Sunday, September 18, 2011

The Outsiders By S.E. Hinton

Reading Hammock’s Rating:
The Outsiders
S.E. Hinton
Author Website:
Publication Date:
Puffin Books
Hardcover | Paperback | Audio

Author Synopsis:

        According to Ponyboy, there are two kinds of people in the world: greasers and socs. A soc (short for "social") has money, can get away with just about anything, and has an attitude longer than a limousine. A greaser, on the other hand, always lives on the outside and needs to watch his back. Ponyboy is a greaser, and he's always been proud of it, even willing to rumble against a gang of socs for the sake of his fellow greasers--until one terrible night when his friend Johnny kills a soc. The murder gets under Ponyboy's skin, causing his world to crumble and teaching him that pain feels the same whether a soc or a greaser.

My review:

The story is told from the perspective of Ponyboy and I was able to connect with him at the beginning of the plot.  He is a member of a “Greaser” gang, which consists of the poorer people in society.  I easily became attached to Ponyboy because of Hinton’s focus on his emotions.  One could recognize that Ponyboy has a deep love for his gang of “Greasers.”  The gang’s support and love for each other helps Ponyboy and his brothers, Darrel and Sodapop, overcome the death of their parents.  nHinEven though I immediately became attached to Ponyboy, one could also feel the emotions of the other characters, even those who were less important to the story.  This is vital to capturing the reader’s attention since many novels leave out the emotions of secondary characters, especially if the story is told from the perspective of just one character.  I have also noticed that some authors tell the story from the perspective of two characters in order to convey their thoughts.  What I found most remarkable in Hinton’s writing is her ability to write this novel from the perspective of just one character, while also providing insight into how other characters are feeling. 

Hinton uses rich descriptions for introducing new characters which helped me feel closer to understanding Ponyboy’s world.

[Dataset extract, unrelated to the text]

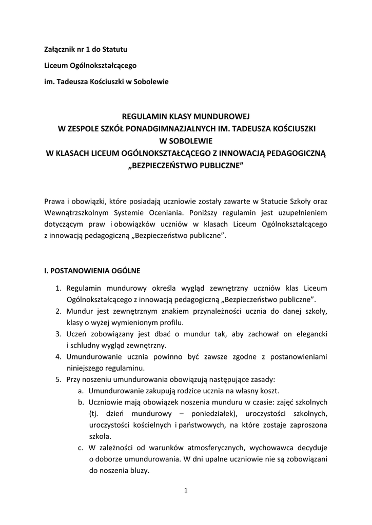 Załącznik nr 1 do Statutu Liceum Ogólnokształcącego im. Tadeusza Kościuszki w Sobolewie REGULAMIN KLASY MUNDUROWEJ W ZESPOLE SZKÓŁ PONADGIMNAZJALNYCH IM. TADEUSZA KOŚCIUSZKI W SOBOLEWIE W KLASACH LICEUM OGÓLNOKSZTAŁCĄCEGO Z INNOWACJĄ PEDAGOGICZNĄ „BEZPIECZEŃSTWO PUBLICZNE” Prawa i obowiązki, które posiadają uczniowie zostały zawarte w Statucie Szkoły oraz Wewnątrzszkolnym Systemie Oceniania. Poniższy regulamin jest uzupełnieniem dotyczącym praw i obowiązków uczniów w klasach Liceum Ogólnokształcącego z innowacją pedagogiczną „Bezpieczeństwo publiczne”. I. POSTANOWIENIA OGÓLNE 1. Regulamin mundurowy określa wygląd zewnętrzny uczniów klas Liceum Ogólnokształcącego z innowacją pedagogiczną „Bezpieczeństwo publiczne”. 2. Mundur jest zewnętrznym znakiem przynależności ucznia do danej szkoły, klasy o wyżej wymienionym profilu. 3. Uczeń zobowiązany jest dbać o mundur tak, aby zachował on elegancki i schludny wygląd zewnętrzny. 4. Umundurowanie ucznia powinno być zawsze zgodne z postanowieniami niniejszego regulaminu. 5. Przy noszeniu umundurowania obowiązują następujące zasady: a. Umundurowanie zakupują rodzice ucznia na własny koszt. b. Uczniowie mają obowiązek noszenia munduru w czasie: zajęć szkolnych (tj. dzień mundurowy – poniedziałek), uroczystości szkolnych, uroczystości kościelnych i państwowych, na które zostaje zaproszona szkoła. c. W zależności od warunków atmosferycznych, wychowawca decyduje o doborze umundurowania. W dni upalne uczniowie nie są zobowiązani do noszenia bluzy. 1 d. Wolno używać tylko te przedmioty mundurowe, które zostały zatwierdzone przez Rade Pedagogiczną Zespołu Szkół Ponadgimnazjalnych w Sobolewie. e. Mundur powinien być dopasowany do sylwetki. f. Mundur ma być czysty i wyprasowany. 6. Uczniowie klas mundurowych są zobowiązani do reprezentowania szkoły podczas wyżej wymienionych uroczystości. O formie uczestnictwa decyduje Dyrektor Szkoły. 7. W przypadku rażącego naruszenia niniejszego regulaminu, Statutu Szkoły, Rada Pedagogiczna w porozumieniu z Dyrektorem Liceum i Samorządem Uczniowskim ma prawo ukarać ucznia zgodnie ze Statutem Szkoły. II. PODSTAWOWY UBIÓR UCZNIA 1. Podstawowym ubiorem ucznia klasy Liceum Ogólnokształcącego z innowacją pedagogiczną „Bezpieczeństwo publiczne” jest mundur wyjściowy składający się z: a. Czapki z daszkiem koloru czarnego z białym napisem na czarnym tle „Bezpieczeństwo Publiczne”. b. Munduru moro z umieszczonym na lewym rękawie logo szkoły i umieszczoną nad lewą kieszenią naszywką „Bezpieczeństwo Publiczne”. c. T-shirtu’u koloru czarnego z naszywką „Bezpieczeństwo Publiczne” d. Pasa głównego, skórzanego koloru czarnego. e. Na mundurze wyjściowym z prawej strony nad kieszenią w kolejnych latach nauki będą umieszczone dodatkowe emblematy dotyczące: pierwszej pomocy w klasie pierwszej, strzelectwa w klasie drugiej, samoobrony w klasie trzeciej. f. Butów wojskowych koloru czarnego. g. W okresie jesienno-zimowym obowiązuje ciepła czapka, szalik i rękawiczki w kolorze czarnym bez żadnego nadruku i ciemne wierzchnie okrycie. 2 2. Zabrania się uczniom klas mundurowych: a. Noszenia podstawowego ubioru mundurowego w połączeniu z elementami ubioru cywilnego lub innych mundurów: noszenia rozpuszczonych włosów (włosy winny być związane tak, aby nie opadały na mundur) noszenia do munduru kolczyków, bransoletek i innych ozdób stosowania wyrazistego makijażu noszenia rozwiązanych butów, rozpiętego munduru, munduru bez paska, podwiniętych rękawów, trzymania rąk w kieszeni, wypuszczonych szelek – w dniu noszenia munduru. b. Użytkowania przedmiotów mundurowych niezgodnie z ich przeznaczeniem. c. Trwałego lub tymczasowego deformowania części umundurowania w sposób nieuzasadniony z ich przeznaczeniem, np. poprzez nadmierne wypychanie zewnętrznych kieszeni. III. WYMOGI W STOSUNKU DO UCZNIÓW KLAS MUNDUROWYCH 1. Uczeń ma prawo: a. Rozwijania swoich zainteresowań pod kierunkiem nauczyciela. b. Do pełnego korzystania z lekcji, które stanowią główną formę nauczania i wychowania. c. Do poszanowania swojej godności osobistej, swojej własności i zdrowia. d. Wypowiadania się zgodnie ze swoimi przekonaniami. 2. Uczeń ma obowiązek: a. Dbać o dobre imię szkoły. b. Przestrzegać zasad bezpieczeństwa i porządku w czasie lekcji. c. Przestrzegać zasad bezpieczeństwa zgodnie z obowiązującymi w szkole regulaminami. d. Ma obowiązek chodzić ubrany schludnie i estetycznie. e. Punktualnego przychodzenia na zajęcia lekcyjne, a w przypadku zastępstw powinni przebywać w wyznaczonych miejscach. f. Zachowywać się zgodnie z normami etyki chrześcijańskiej i przeciwstawiać się przejawom wulgarności i brutalności. g. Szanować poglądy innych ludzi, ich godność i wolność. 3 3. Uczniowie klas objętych szkoleniem bezwzględnie muszą się podporządkować przepisom BHP dotyczącym pobytu na terenie strzelnicy, przemarszach poza teren szkoły, lub transportu na zajęcia poza teren szkoły. 4. W czasie zajęć poza terenem szkoły, uczniowie zobowiązani są do bezwzględnego przestrzegania regulaminów oraz podporządkowania się poleceniom kadry szkoleniowej. 5. Zabrania się wykorzystania wiedzy teoretycznej i praktycznej nabytej w trakcie szkolenia praktycznego i teoretycznego mogących naruszyć bezpieczeństwo szkoły, oraz które mogłoby zagrażać życiu bądź zdrowiu osób drugich. 4 IV. OZNAKI KLASOWE ORAZ ZASADY ICH NOSZENIA 1. Znakiem ucznia klasy mundurowej „Bezpieczeństwo Publiczne” jest naszywka wykonana wg wzoru zatwierdzonego przez Dyrekcję Szkoły zawierająca nazwę szkoły, noszona na lewym rękawie koszuli i bluzy. 2. Przyjęty w szkole regulamin pozwala uczniom klas mundurowych otrzymywać kolejne stopnie awansu. W momencie rozpoczęcie nauki uczeń otrzymuje stopień Kadeta. Kolejne stopnie awansu otrzymuje po uzyskaniu

Hinton vividly describes characters’ eyes as a technique to describe their personality.  For example she describes Dally’s cold personality by telling the reader about his icy blue eyes.  Through Hinton’s fresh writing style, colorful descriptions and attention to miniscule details, I became engrossed in the characters’ struggles.

This was daring story about a young boy in the midst of life threatening fights, struggles to find his place in life.  I would recommend this novel to anyone who is looking for a change of pace from their usual genre.  Even though I am a science fiction fan this was an exciting read and I would even consider reading it again.